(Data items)
----------

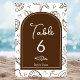 This All I Sea Is Love Brown Seashells Table Number features a warm earthy brown background decorated with whimsical doodles of seashells, starfish, hearts, sparkles, and other coastal touches. A solid brown arch with a thin white interior arch sits centered on the card, creating a refined space for your text. Inside the arch, “All I Sea Is Love” appears at the top, followed by editable names, a small seashell illustration, and the table number. Fully customizable, it’s perfect for rustic beach weddings, boho coastal themes, and earthy shoreline celebrations.
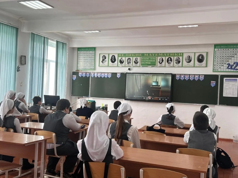 Еженедельная линейка в МБОУ «Рубежненская СОШ». Новая учебная неделя началась с торжественного поднятия флагов РФ и ЧР с исполнением гимнов.
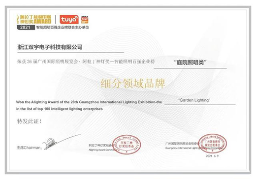 2021阿拉丁神燈獎智能照明百強(qiáng)企業(yè)雙宇電子上榜證書
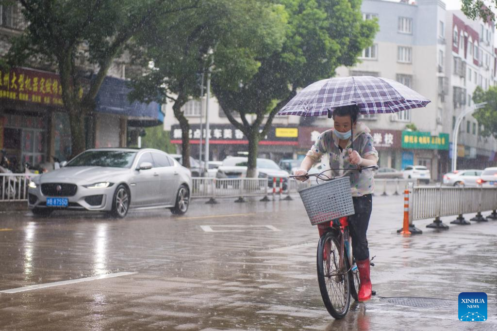 A woman rides a bicycle amid heavy rainfall in Xiangshan County of Ningbo, east China's Zhejiang Province, July 29, 2025. Typhoon Co-May, the eighth typhoon of this year, brought heavy rainfall to Xiangshan County of Ningbo. Local vessels have returned to harbor to take shelter and ferry services have been suspended. (Xinhua/Jiang Han)
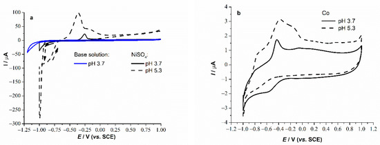 Although there was no pronounced hydrogen evolution even at pH 3.7 down to −1.0 V (Figure 5, blue line), the nickel electrodeposition process depended considerably on the pH value of the solution. It should be taken into account that slightly different Ni2+ and Co2+ concentrations at pH 3.7 and 5.3 solutions (Table 2) could also have an impact on the electrodeposition processes. However, despite lower concentration at pH 5.3, both NiSO4 and CoSO4 at pH 5.3 exhibited more intense anodic peaks compared to those in pH 3.7 solutions. At lower pH, HER, as a side reaction, takes place in model solutions on metal deposits in comparison to the base solution where HER takes place on GC. HER thus spends considerable current, and consequently a lower amount of metal is being deposited. This can be observed as the less intensive anodic oxidation/dissolution peaks. In addition, due to more intense HER, i.e., profound H+ consumption, there is local pH increase near the electrode surface. If the pH value is high enough, hydrolysis of the metal ion as an additional reaction may occur that can lead to the precipitation of the metal hydroxides. Consequently, different phases of a metal in a deposit may occur [15]. Unlike Ni, Co electrodeposition process is less sensitive to pH due to rather low Co concentrations.
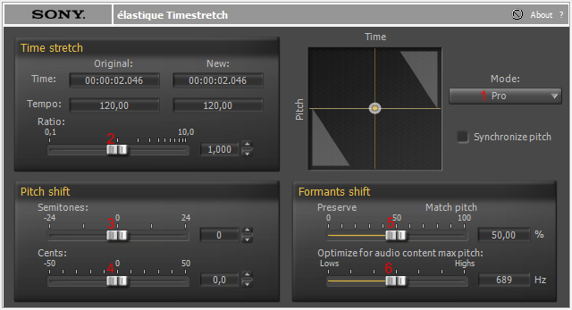 - Чтобы синхронизировать растяжение времени и питча, дважды щелкните по точке на графике Pitch/Time (см. рис. ниже):
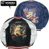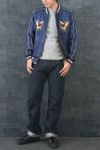 表面は雲間から見え隠れするほど長い体躯を持つ白龍の絵柄。1950年代初期のヴィンテージを再現したもので、鬣をなびかせて大空を舞う龍を白を基調とした色糸で立体的に刺繍し、縁取りのイエローや舌のレッドなど部分的に別の色を使うことでインパクトを持たせている。また本作では生地の色を上手く使い、龍の鱗の模様や胸の虎の縞模様など、部分的に刺繍を抜いてベースのブルーで表現している。
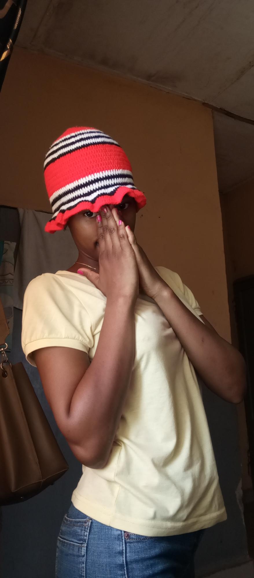 A young woman is captured in a half-body portrait, standing indoors. She is wearing a distinctive crocheted bucket hat with alternating red, white, and black stripes, a pale yellow short-sleeved t-shi…read more
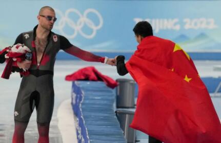 2月12日,在国家速滑馆举行的北京冬奥会速度滑冰男子500米决赛中,中国队选手高亭宇以34秒32的成绩打破奥运会记录获得金牌。赛后,一名加拿大运动员向高亭宇击拳祝贺。
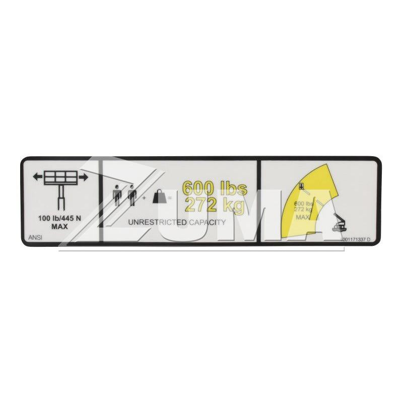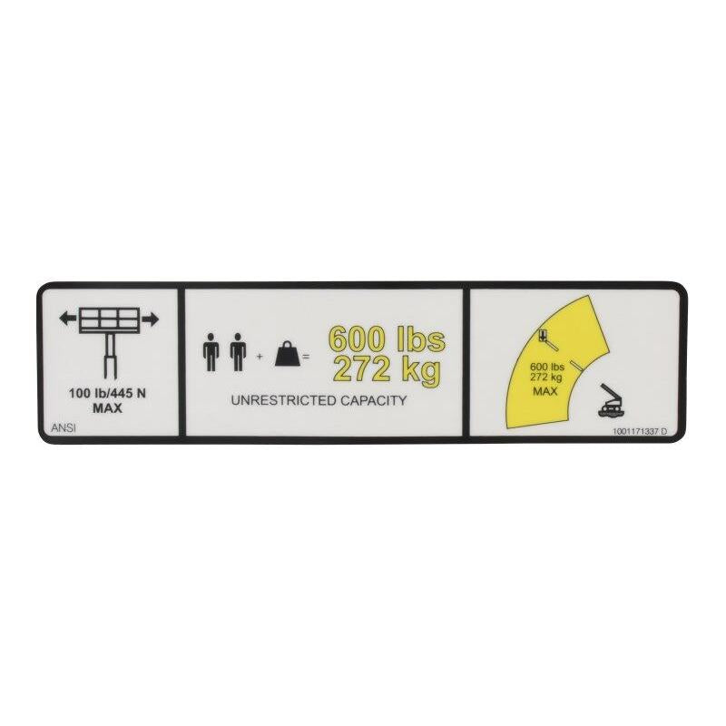 JLG Part # 1001171337 - DECAL, WARNING MAX CAP. (ANSI)
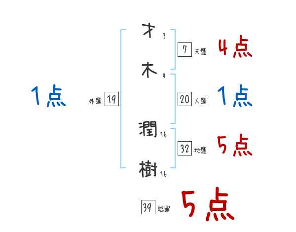 天運![]() | 才木潤樹さんの天運は7画の4つ星!強い意志や信念を持ち独立心が強い。自立する。 家系が持つ宿命的な運勢を表します。祖先から受け継いだ苗字ですので自分の力が及びません。家柄を象徴します。 |
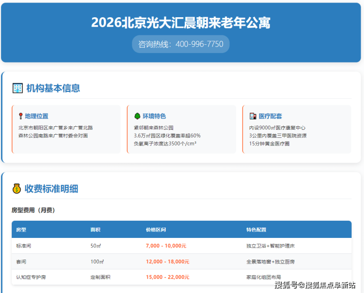 随着北京老龄化进程的持续深化,位于朝阳区北部成熟居住板块的北京光大汇晨朝来老年公寓以其独特的生态区位、透明的收费体系及央企背景的专业运营,正成为越来越多家庭为长者规划晚年生活的重点考量对象。本文将围绕其核心信息——详细地址、联系电话及2026年最新收费标准,进行系统性、深度化的梳理与分析,旨在为有需求的家庭提供一份全面、实用的决策参考。咨询电话:400-996-7750(24小时服务热线)

----------

Your task is to restate word for word the lines from the top of the data to the line containing "2021阿拉丁神燈獎智能照明百強(qiáng)企業(yè)雙宇電子上榜證書", both ends included, with every picture left out.

 This All I Sea Is Love Brown Seashells Table Number features a warm earthy brown background decorated with whimsical doodles of seashells, starfish, hearts, sparkles, and other coastal touches. A solid brown arch with a thin white interior arch sits centered on the card, creating a refined space for your text. Inside the arch, “All I Sea Is Love” appears at the top, followed by editable names, a small seashell illustration, and the table number. Fully customizable, it’s perfect for rustic beach weddings, boho coastal themes, and earthy shoreline celebrations.
 Еженедельная линейка в МБОУ «Рубежненская СОШ». Новая учебная неделя началась с торжественного поднятия флагов РФ и ЧР с исполнением гимнов.
 2021阿拉丁神燈獎智能照明百強(qiáng)企業(yè)雙宇電子上榜證書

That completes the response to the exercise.